Marktbericht Gold - charttechnische Ruhe vor dem Sturm? Und - der Ölpreis ist heiß!
Die Handelswoche in Gold vom 25.05. - 29.05.2026
Raucht am Golf die Friedenspfeife oder nur der Colt? Die Antwort auf diese Frage entscheidet, wohin das Sentiment der Investoren und damit auch ihre strapazierte Geduld in den laufenden Verhandlungen kippen wird. Bis dahin bleibt es an der Oberfläche der Erwartungen (zu) ruhig. Diese fast schon unheimliche Ruhe zeigt auch die Entwicklung des Goldpreises in der abgelaufenen Handelswoche. Aber die charttechnische Situation verdeutlicht, dass die (Trend) – Entscheidung eine Frage von Tagen oder wenigen Wochen ist. Danach ist aus charttechnischer Musterperspektive als auch aufgrund des zu erwartenden Momentums bei einem Sentiment-Wechsel mit einer Menge Eigendynamik zu rechnen.
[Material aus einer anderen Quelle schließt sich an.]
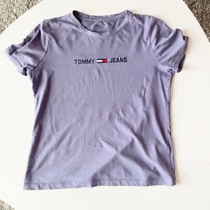 Vintage Tommy Jeans Box Logo embroidered t-shirt. Size small. Colour is a light blue/purple shade. Normal signs of wear. Meant to fit oversized.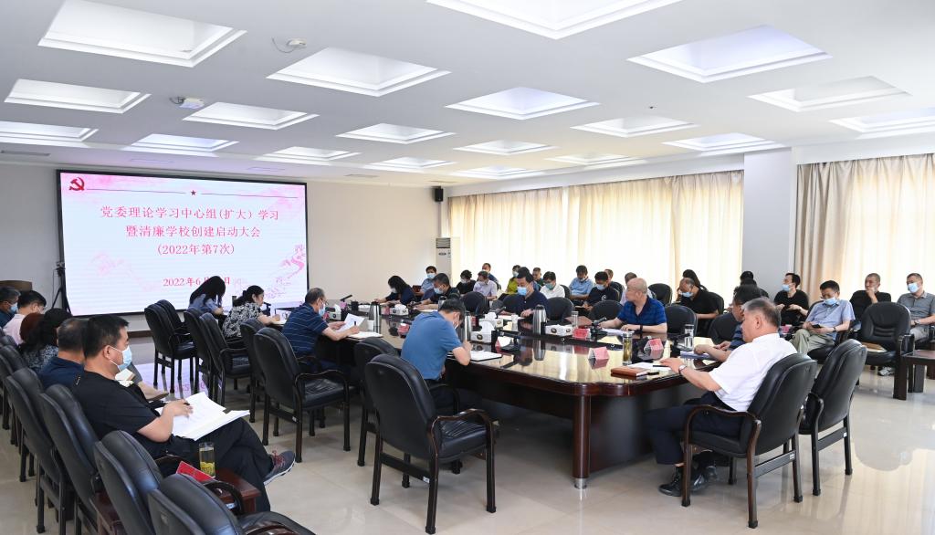 6月14日,bat365在办公楼第五会议室召开了党委理论学习中心组(扩大)学习暨清廉学校创建启动大会。党委书记王新淮主持会议,全体党委委员、纪委委员、各党总支书记、各部门负责人参会。

Die abgelaufene Handelswoche stand erneut im Rampenlicht der fieberhaften Verhandlungen zwischen den USA und dem Iran. Wesentliche Kernforderungen der jeweils anderen Seite stehen sich trotz verschiedener Vermittlungsbemühungen (noch) unvereinbar gegenüber, und eine finale Entscheidung steht weiter aus. Gold (TVC:GOLD) bewegte sich im Wochenvergleich kaum, legte von 4.509,69 USD auf 4.540,53 USD zu und schloss so mit einem minimalen Plus von 0,68 %. Dieser geopolitische Schwebezustand ließ den Ölpreis hoffnungsfroh sinken und verlängerte die kurstechnische Atempause bei Gold und den anderen Edelmetallen, welche diese weiter zur Bodenbildung nutzten.
Still ruht der See - an der Oberfläche!
An der Oberfläche zeigten sich die Märkte ruhig und hoffnungsvoll. Der Sorglosigkeitsindex VIX, der Volatilitätsindex auf den S&P 500, notiert aktuell mit 15,32 Punkten, nachdem er im Jahreshoch am 09.03.2026 noch bei 35,30 Punkten und damit mehr als doppelt so hoch stand. Damit sehen wesentliche Teile der Marktteilnehmer keinen größeren Absicherungsbedarf ihrer Aktienpositionen, während gleichzeitig der S&P 500 immer neue Allzeithochs erklimmt. Wie zuversichtlich die Anleger sind, zeigt ein Blick auf das Kurs-Gewinn-Verhältnis: Während das Forward-KGV bei rund 22,8 liegt, steht das Trailing-KGV aktuell je nach Quelle zwischen 27 und 32. Der historische Mittelwert liegt dagegen zwischen 17 und 18. Was kann schon schiefgehen! This time it‘s different!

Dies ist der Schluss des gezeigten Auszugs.